Qu’est-ce que l’écriture inclusive ?
L’agence de communication d’influence Mots-Clés a défini cette nouvelle forme d’écriture comme « l’ensemble des attentions graphiques et syntaxiques qui permettent d’assurer une égalité de représentation des deux sexes » (à retrouver dans son manuel d’écriture inclusive).
L’entreprise établit ainsi trois grands principes :
- accorder en genre les noms de métiers, fonctions, grades ;
- utiliser à parts égales le féminin et le masculin au travers des énumérations dans l’ordre alphabétique, l’usage du fameux point médian ou les termes épicènes ;
- cesser d’employer les antonomases des noms communs « Femme » et « Homme ».
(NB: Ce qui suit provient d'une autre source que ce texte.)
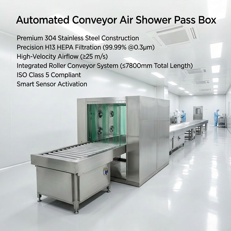 Convogliatore a rulli integrato e sistema di doccia ad aria HEPA.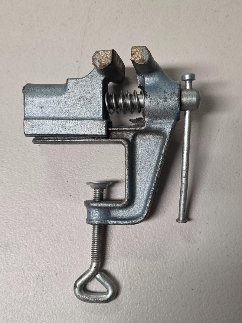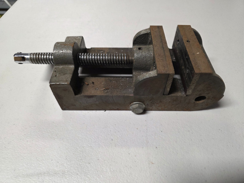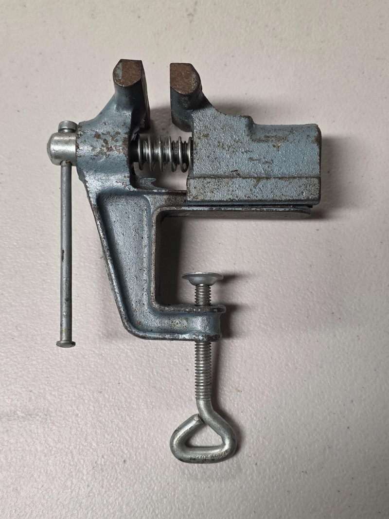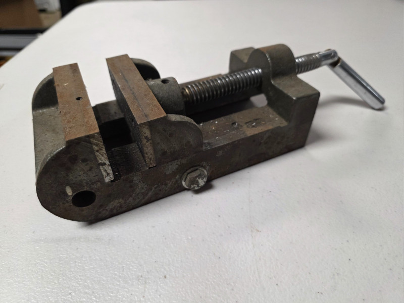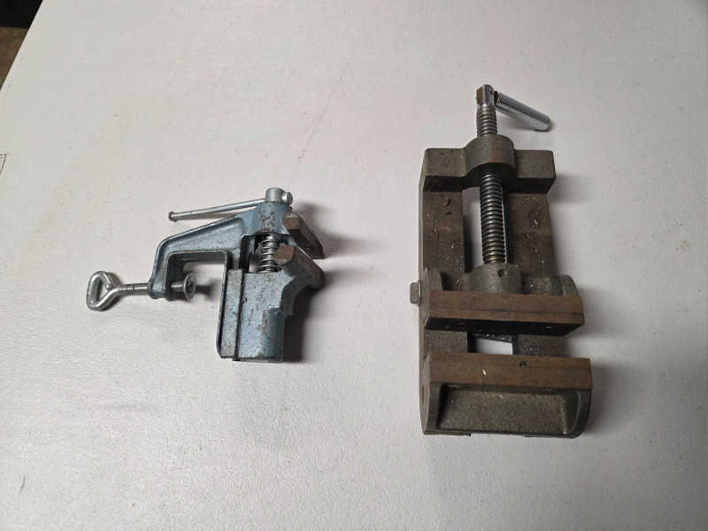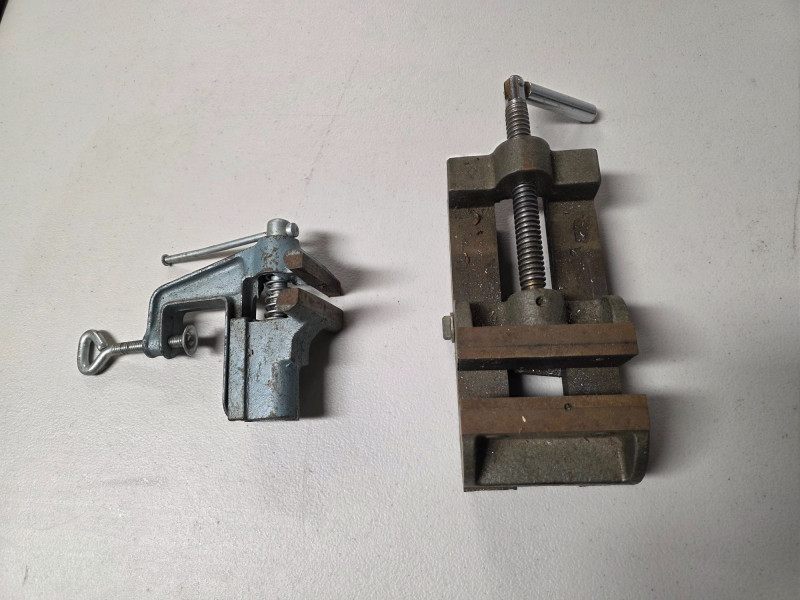 (2) Small Vintage Work Vises (1) Vintage mini bench vise, also known as a jeweler's or hobbyist's vise, typically used for holding small items in place during detailed work - 7"T x 5"L (1) Drill press vise designed to securely hold workpieces during drilling, tapping, or reaming operations - 2.5"T x 10"L Both appear to be in working condition

L’objectif principal est donc d’adapter la langue française aux problématiques actuelles et identifiées de notre société : l’inégalité entre les femmes et les hommes et la perpétuation (consciente ou non) de schémas traditionnels restrictifs.
Les métiers et autres fonctions
« C’est bizarre de dire doctoresse » ; ça l’est peut-être pour vous qui vivez au XXIe siècle, mais ça ne l’était pas pour quelqu’un du XVIe siècle. Quoi, comment ça ? Eh oui, sachez qu’avant le XVIIe siècle, tous les métiers possédaient leur équivalence au féminin. Puis la société serait devenue quelque peu misogyne et aurait décidé que de nombreuses fonctions ne pouvaient plus être accessibles aux femmes. On aurait estimé que l’homme serait supérieur à la femme et le fameux « le masculin l’emporte » serait né.
D’ailleurs, dans les cahiers préparatoires du premier dictionnaire de l’Académie française (1647), il est précisé que « l’orthographe servira à distinguer les gens de lettres des ignorants et des simples femmes ». Tout de suite, on comprend à quel rang ont été reléguées les femmes. Ce n’est donc pas nouveau de féminiser un métier. Mais il semblerait qu’au XVIIIe siècle, les esprits se soient fermés.
Point médian, termes épicènes et autres petites joyeusetés
L’écriture inclusive préconise les énumérations par ordre alphabétique. Par exemple : « tous et toutes » (le s avant le t), mais « les lycéennes et les lycéens » (le n avant le s).
« Les cent femmes et les deux hommes sont beaux. » Voilà une règle que l’écriture inclusive pourrait remettre au goût du jour : l’accord selon le sens. Dans le cas précédent, il n’y a que deux hommes et cent femmes. Il serait donc plus juste d’accorder en fonction du nombre. À noter que l’agence Mots-Clés qui a rédigé le manuel n’applique pas cet accord bien qu’elle soit en sa faveur.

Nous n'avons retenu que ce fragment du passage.